Until now, AI were only capable of winning against one or two human opponents like checkers or chess. Games such as poker requiring tactics such as bluffing and guessing hidden information were considered to be too complicated for artificial programs.

A Facebook-created AI has defeated six elite professional poker players in a game of Texas hold-em, as reported on Thursday.

This marks an unprecedented feat in AI development as the first time the technology has defeated two or more human professionals in a complex game.

A joint collaboration project between researchers at Carnegie Mellon University and Facebook, Pluribus, won the equivalent of $5 per hand and $1000 throughout the entire game, according to Facebook.

The AI first bested two poker champions, Darren Elias and Chris Ferguson, who both played 5000 hands against it. 
The players were surprised by its unpredictable methods.

Elias said that it’s major strength is that it can send “mixed messages.” 
“That’s the same thing that humans try to do. It’s a matter of execution for humans — to do this in a perfectly random way and to do so consistently. Most people just can’t.”

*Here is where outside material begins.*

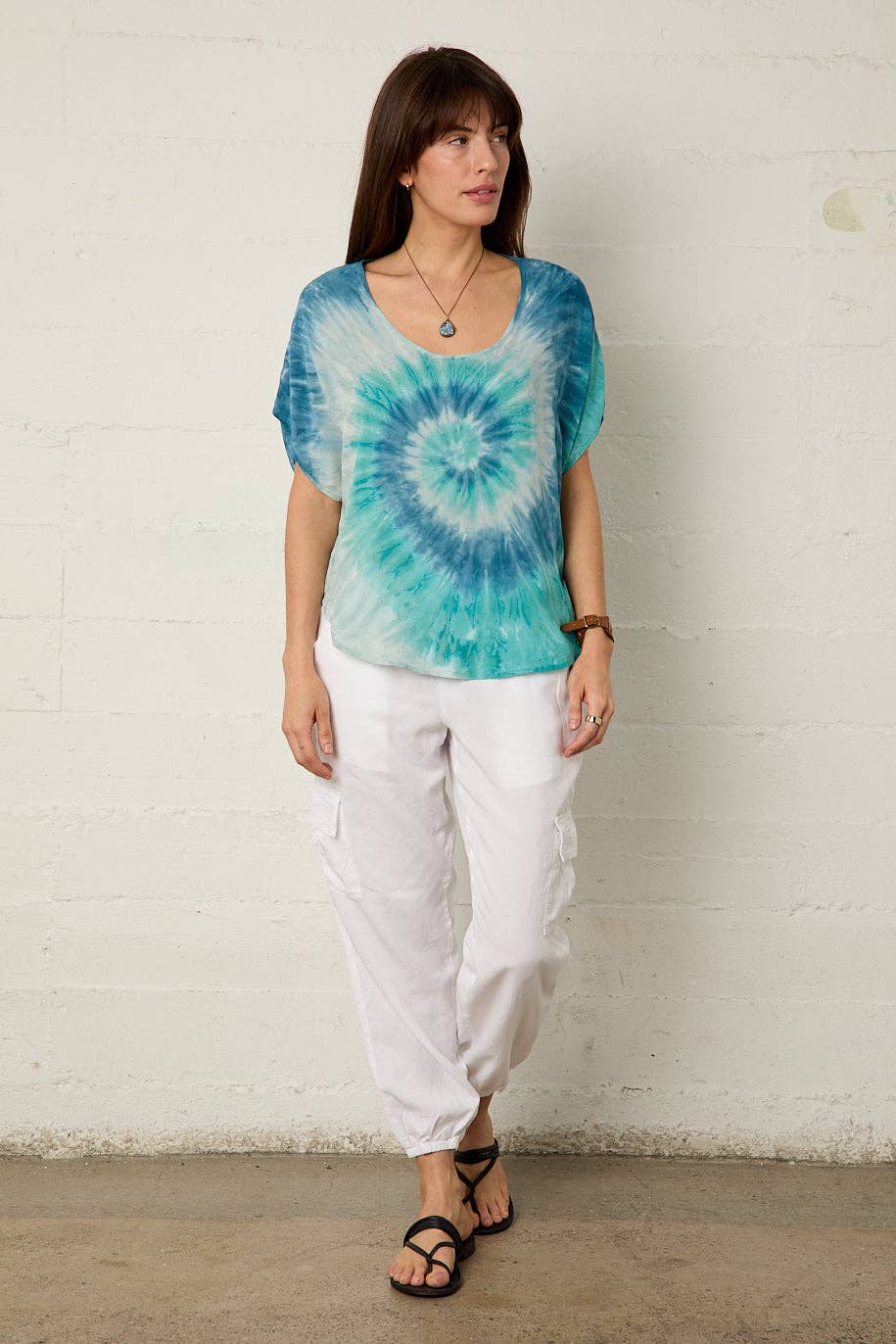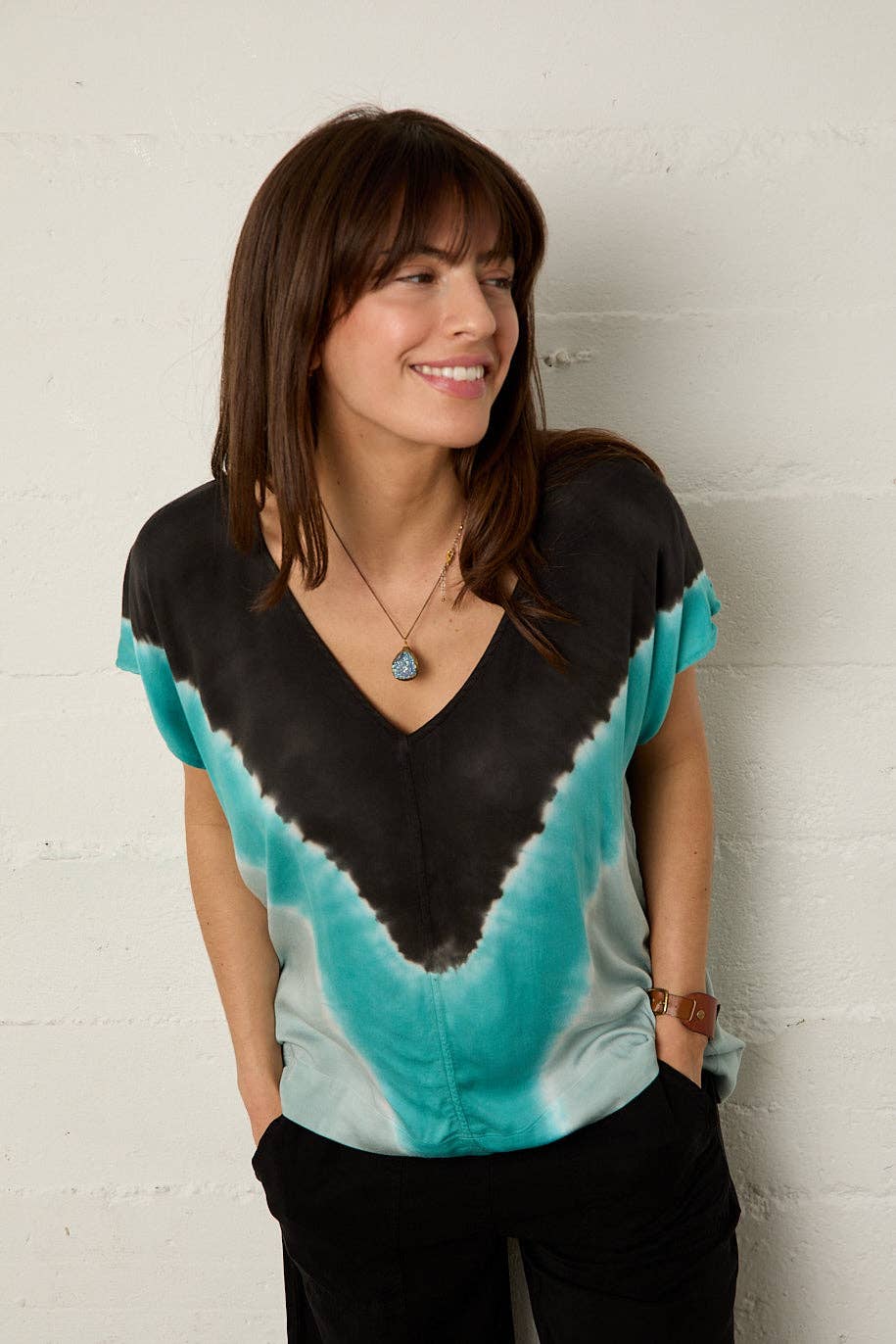 Håndfarvet af kunsthåndværkere. River + Sky "Vi har altid haft en dyb respekt for naturen. Det inspirerede navnene på vores børn—vi opkaldte River + Sky efter dem—og vi stræber efter at ære Jorden i alle aspekter af vores virksomhed. Efter at have arbejdet i den konventionelle modeverden og set dens miljøpåvirkning på første hånd, er vi forpligtet til at skabe tøj, der er mere skånsomt mod planeten, fra design til råmaterialer til produktion. Og vi finder altid måder at yderligere reducere vores fodaftryk, mens vi vokser. Tak fordi du er med på denne rejse med os—her er til at skabe en mere bevidst modeindustri sammen." —Caroline og Michael Keefer, medstiftere af River + Sky

Noami Brown, who works for Facebook’s AI team said that the bot “might even change the way pros play the game.” 
In another experiment, Pluribus went up against 13 contestants, five at a time. According to researchers, out of the 10,000 played hands, the program emerged as the ultimate victor.

The program uses an online search algorithm which can predict several moves ahead and practices against itself for games which require hidden information and bluffing techniques.

Tuomas Sandholm, a computer science professor at Carnegie Mellon, wrote in the US Journal of Science that Pluribus “achieved superhuman performance at multi-player poker which is a recognized milestone in artificial intelligence and in game theory.”

The players involved in the experiment also recognised the achievement.

Chris Ferguson, a World Series Poker champion who tested the early version of the bot, said in a company blog post: “The bot went from being a beatable mediocre player to competing with the best players in the world in a few weeks.”

“It was also satisfying to see that a lot of the strategies the bot employs are things that we do already in poker at the highest level. To have your strategies more or less confirmed as correct by a supercomputer is a good feeling.”

Jimmy Chou, another advanced poker player, admitted that even he picks up something new when he plays the AI opponent and said humans often “oversimplify” the game.

The creators of Pluribus have said that the technology could potentially help to solve a “wide variety of real-world problems” which, as poker does, require uncovering critical secret information.